Private Credit is Having a “Golden Moment” – Buy or Sell?
Membership required
Membership is now required to use this feature. To learn more:
View Membership BenefitsAccording to Jonathan Gray, the president of Blackstone, this is a “golden moment” for the private credit asset class. After quoting Gray, the Financial Times’ Robin Wigglesworth noted that “BlackRock’s alternatives investment supremo, Edwin Conway, is ‘confident about (its) future’.1 Apollo’s Marc Rowan sees ‘a good time for the private credit product set’." Scarcely concealing his disdain, Wigglesworth closes by saying, “Another day, another asset manager jostling for a bigger slice of the investment industry’s hottest neighbourhood.”
All this excitement and hype has usually – OK, almost always – meant trouble for the asset class being discussed. I’m a generation older than Wigglesworth, so I’ve experienced golden moments for more asset classes and strategies than he has: small-cap stocks, oil stocks, real estate, gold, portfolio insurance, Japan, China, mortgage-backed securities, hedge funds, private equity, and tech circuses #1 and #2.
These booms didn’t all end in ashes, but the odds are not good. Now comes private debt, smartly rebranded as private credit (doesn’t that just sound better?) and packaged into funds aimed at retail investors, whom I define as those with $10 million or less in investable assets. These are typically people who are saving for retirement or already retired, and for whom a large drawdown would mean hardship, not just inconvenience.

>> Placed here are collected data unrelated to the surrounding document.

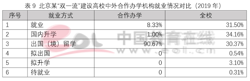 中外合作辦學(xué)項(xiàng)目或機(jī)構(gòu)畢業(yè)生出國留學(xué)通常會選擇繼續(xù)申請本項(xiàng)目合作高校或合作高校所在國別高校繼續(xù)深造,或者選擇申請國外其它知名院校。表9中北京某“雙一流”建設(shè)高校中外合作辦學(xué)機(jī)構(gòu)畢業(yè)生2019年繼續(xù)選擇合作院校碩士項(xiàng)目的學(xué)生比例為56.6%,申請其它國(境)外高校的學(xué)生比例為34%。其中申請到世界排名前20高校的學(xué)生占比為21.57%,申請到世界排名前50高校的學(xué)生占比為48.04%。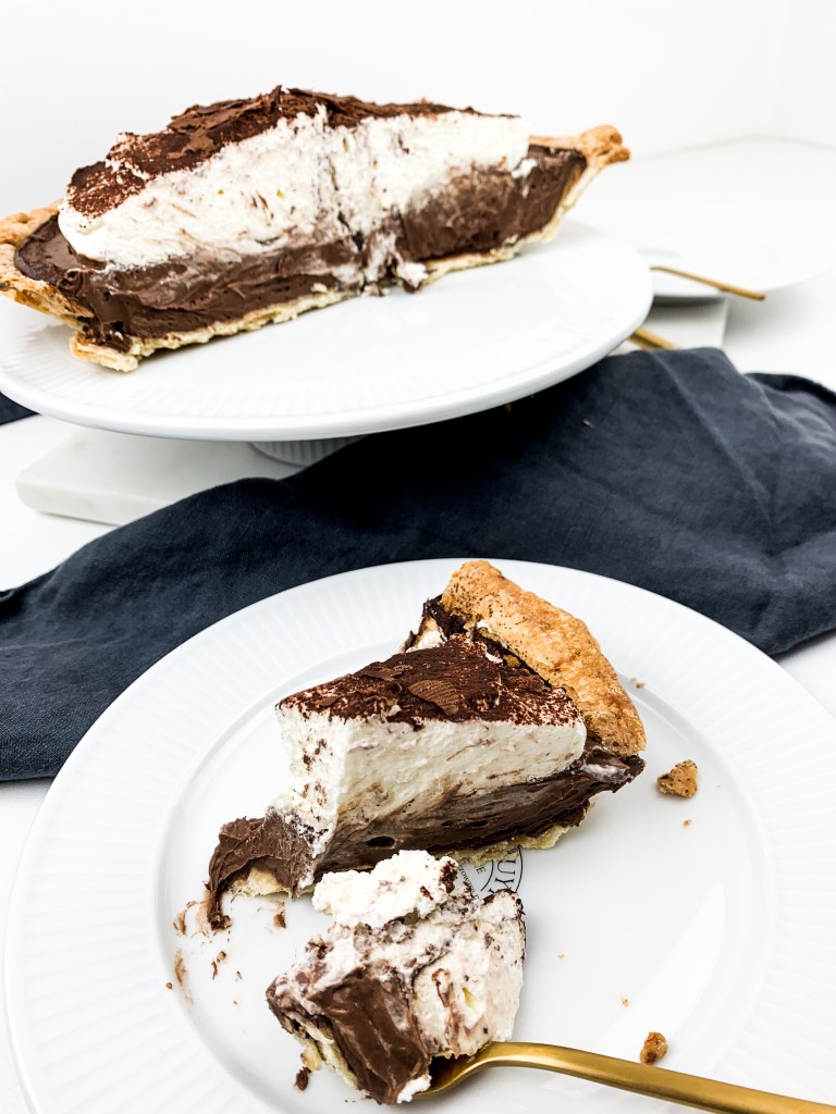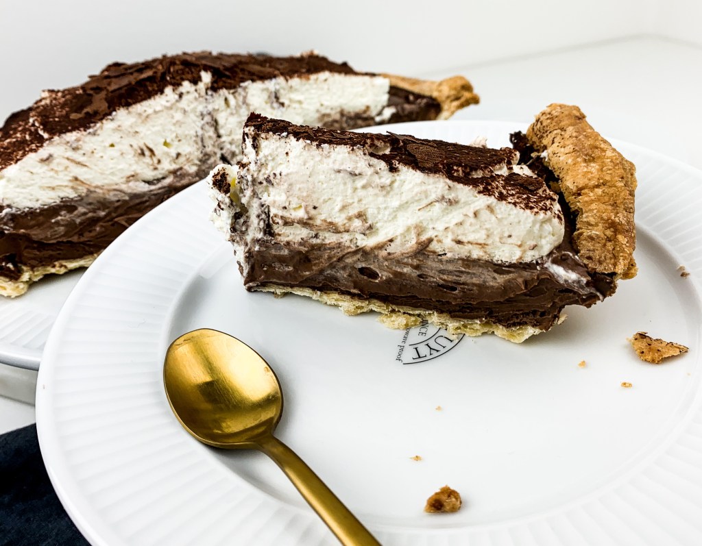 - Remove the pan from the heat and immediately whisk in the cubed butter and chocolate until completely melted and smooth. Stir in the vanilla, then pour into the prepared pie crust. Cover with plastic wrap, pressing into the surface of the filling so a skin doesn’t form, and refrigerate for 4 hours until the filling is set and chilled.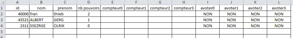 Ne sont collectés que les informations suivantes: id_unique, nom, prenom, le nombre de pouvoirs, un compteur de votes et un compteur pour savoir qui à_voter. Impossible de savoir qui à voter pour qui.
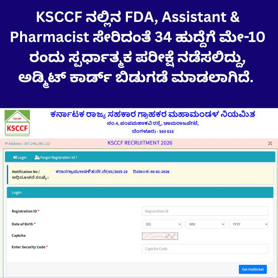 The Karnataka State Cooperative Consumers’ Federation (KSCCF) has released the Hall Ticket for the competitive examination scheduled for May 10, 2026.

The private credit boom is not ephemeral or a niche phenomenon. According to The Wall Street Journal, it is a major secular trend: “A boom in private credit has been moving a huge portion of corporate borrowing away from public view, taking it from the world of banks and the bond market and into the more opaque realm of private funds.”2 Private credit funds now manage about $1.4 trillion, which is expected to grow to $2.3 trillion by 2027.3
Those high yields – a riddle wrapped in a mystery inside an enigma
So – should retail investors partake of the very attractive yields promised by private credit fund managers?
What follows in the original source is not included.